Targeting the immune microenvironment

Previous studies have shown that platelet activation results in an immunosuppressive TME and spares cancer cells from immune surveillance, leading to their growth and migration.[139,169] Considering that aspirin is one of the most commonly used antiplatelet drugs, Riesenberg et al.[169] revealed its antitumor activity on the immune microenvironment and found its potential use in combination with PD-1 blockade. Similar results have been observed in breast cancer cells accompanied by decreased IL-8 secretion.[170] Additionally, aspirin’s inhibition of the COX-1/thromboxane A2 pathway occurs through platelets, which involves the suppression of platelet aggregation on cancer cells, the recruitment of monocytes or macrophages, and the stepwise formation of premetastatic niche and tumor metastasis.[171] Aspirin induces the polarization of macrophages toward M1 phenotype by increasing M1 marker expression while decreasing M2 marker expression and inhibiting cancer cell growth and migration in breast cancer cell lines.[172] Aspirin also activates macrophage activity in eliminating therapy-generated tumor cell debris and inhibits macrophage-secreted proinflammatory cytokines.[173] Aspirin further plays an immunomodulation role on other immune cells, including MDSCs and Treg cells.[139] These results suggest that aspirin regulates the immune microenvironment and is an attractive agent for combination therapy.

A recruiting phase II clinical trial (PRIMMO) has shown that aspirin, together with vitamin D, cyclophosphamide, and lansoprazole, forms an immunomodulatory cocktail and can be combined with immunotherapy pembrolizumab and radiotherapy to treat cervical and uterine cancers (NCT03192059) (Table 1). This accomplishment may provide additional data for aspirin’s effect on antitumor immunity.

Targeting the metabolism microenvironment

In 2002, aspirin was reported to inhibit cyclooxygenase, suppress oxidative stress and ROS metabolism, and inhibit ROS-mediated DNA damage.[174] It has also been proposed to inhibit energy metabolism through AMPK activation and mTORC1 inhibition.[175] Recently, Liu et al.[176] revealed that aspirin regulates glucose metabolism to inhibit hepatoma cell proliferation.

In a study on the role of aspirin in reducing cancer risk, various doses, frequencies, and duration have been selected, such as the following: ≥975 mg/w for more than 5 years,[177] ≥150 mg/d for more than 1 year,[178] ≥325 mg/d for more than 5 years,[179] 600 mg/d for a mean of 25 months,[180] 100 mg/d for at least 104 d/y.[50] Similarly, when assessing aspirin’s role in combination with other treatment modalities, these indices should also be carefully selected.
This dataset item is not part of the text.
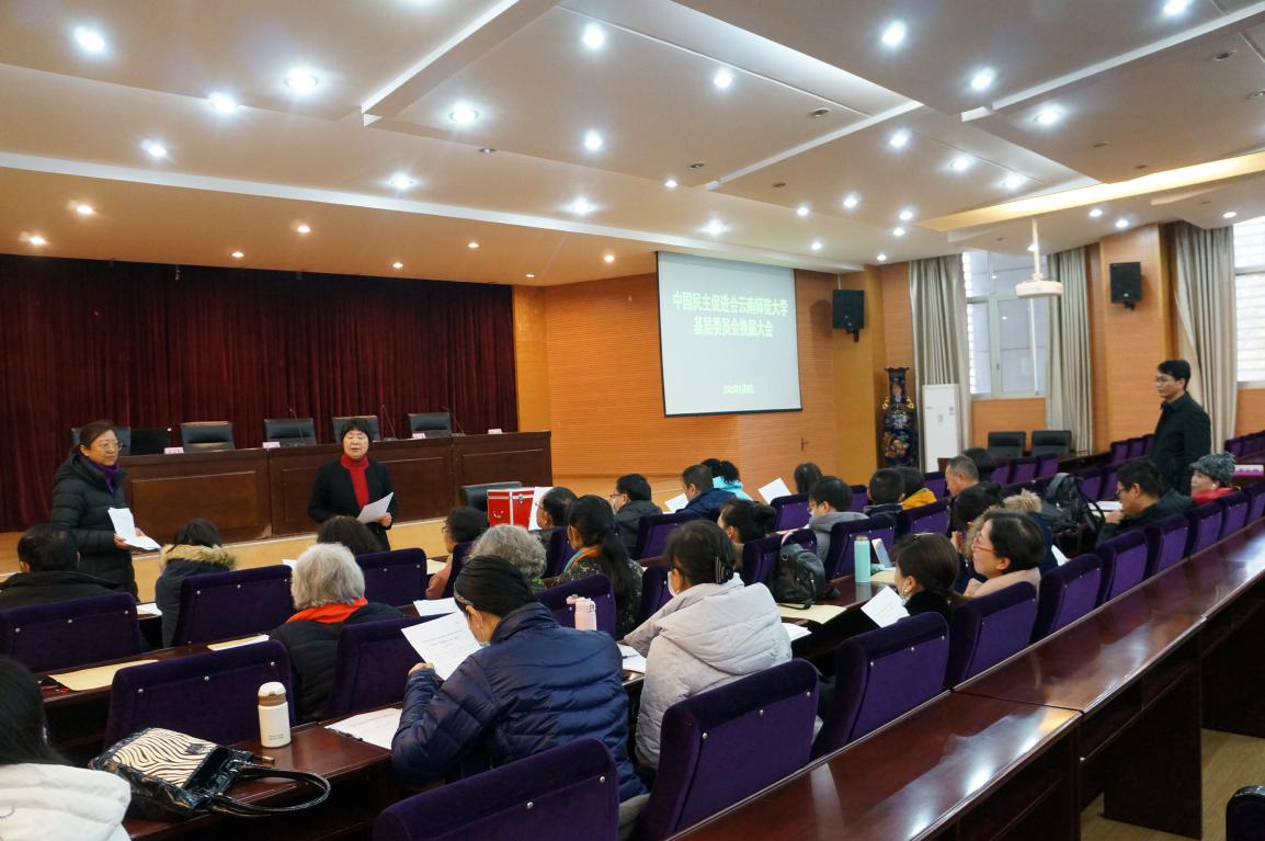 会议选举产生中国民主促进会云南师范大学基层委员会新一届班子成员:主任委员孙俊,副主任委员杨吉华、何其敏、张怀素,委员卢石英、姚韵松、唐唯。

Gastrointestinal bleeding is always a concern when using aspirin. Fortunately, data from patients with chronic viral hepatitis in Sweden show that low-dose aspirin does not significantly increase the risk of gastrointestinal bleeding and lowers the risk of hepatocellular carcinoma and liver-related mortality compared with non-users.[181] However, the adverse effects and safety liabilities of aspirin should be carefully assessed under each condition.

Celecoxib

Celecoxib is a nonsteroidal anti-inflammatory drug. Different from aspirin, celecoxib selectively inhibits COX-2 and is thus viewed as a COX-2 inhibitor. COX-2 is overexpressed in gastric, breast, and lung cancers, among others.[182]

COX-2 induces immune escape and promotes cancer growth, suggesting the possible benefits of the COX-2 inhibitor celecoxib combined with immunotherapy.[183] Over the past several years, a number of clinical trials on neoadjuvant immune checkpoint inhibitor (ICI) have been carried out in MMR-deficient (dMMR) and MMR-proficient (pMMR) colon cancer (NCT03026140). Compared with adjuvant ICI, neoadjuvant ICI is believed to stimulate a highly diverse immune response with the activation of TILs, especially in dMMR patients considering their higher mutational burden and more neoantigens.[184,185] As celecoxib attenuates TIL suppression by inhibiting prostaglandin E2 (PGE2), it is introduced to neoadjuvant ICI (ipilimumab and nivolumab) in pMMR colon cancer patients hoping to achieve an improved clinical response.[186]

Celecoxib suppresses oxygen consumption and induces ROS-dependent apoptosis in the metabolism microenvironment of metastatic melanoma and breast cancer, suggesting its potential as an enhancer for chemotherapy or radiotherapy.[187]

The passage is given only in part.